В старице, что под самыми хатами Князьбора, в двадцатисаженной яме, на которую и сегодня смотрит сарай Махахея, завелось какое-то чудище. Ни утке, ни гусю не удавалось проплыть над той ямой. До середины доплывала еще птица, а там мах-мах крылом, будто кто ее за ноги ухватил. Лишь круги на том месте расходятся да перо вертлявое мечется. А однажды не птица, а кабанчик начал рваться из воды, свечкой встал над водой, взревел диким голосом и захлебнулся. Обозленные князьборцы отковали в кузнице крюк, дед Тимоха Махахей не пожалел молочного кабанчика.

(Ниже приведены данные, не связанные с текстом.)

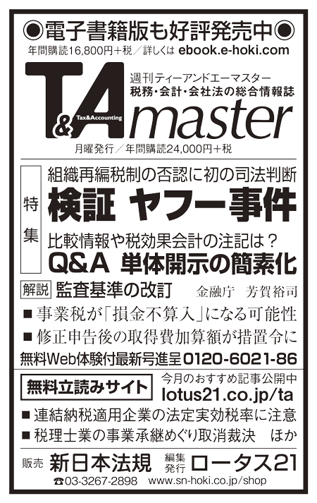税務・会計・会社法は目まぐるしく改正され、更に複雑に関連しています。このため、従来の単独分野の専門誌では、実務上の対応が遅れてしまうのが現状です。3分野の個々の情報をお伝えするとともに、それらの関連を明らかにするT&Amasterは、今までにない一歩先を行く専門誌です。
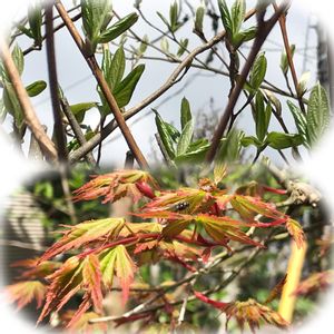 散歩に出られないので、庭の新緑投稿。 ヒメシャラとモミジが、この数日の陽気と雨で、一斉に芽を吹いた。
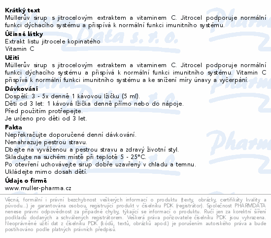 Müllerův sirup s jitrocelovým extraktem a vitaminem C. Jitrocel podporuje normální funkci dýchacího systému a přispívá k normální funkci imunitního systému.

Зажарила его баба целиком на вертеле и на крюк, а крюк на веревчину и в яму вместе с поросенком. Свободный конец веревки привязали мужики к дубу и стали ждать. И долго ль, коротко ли ждали, то уже забылось, просто так ждали или не тратили мужики времени зря, этого уже нет в памяти. А вот что передрался он, Тимоша, с друзьями – кому достанется чудище болотное – это хорошо помнится. Но раздел, ры кончились, затрясся горькой осиной дуб, за который веревка была привязана, ухватились мужики за веревку, видят, не стянуть им. Махахей-дед гармонику в сторону, пару волов подогнал. Волы в первую минуту вроде бы взяли, но два шага ступили, на третий их силы не хватило, повело волов из стороны в сторону.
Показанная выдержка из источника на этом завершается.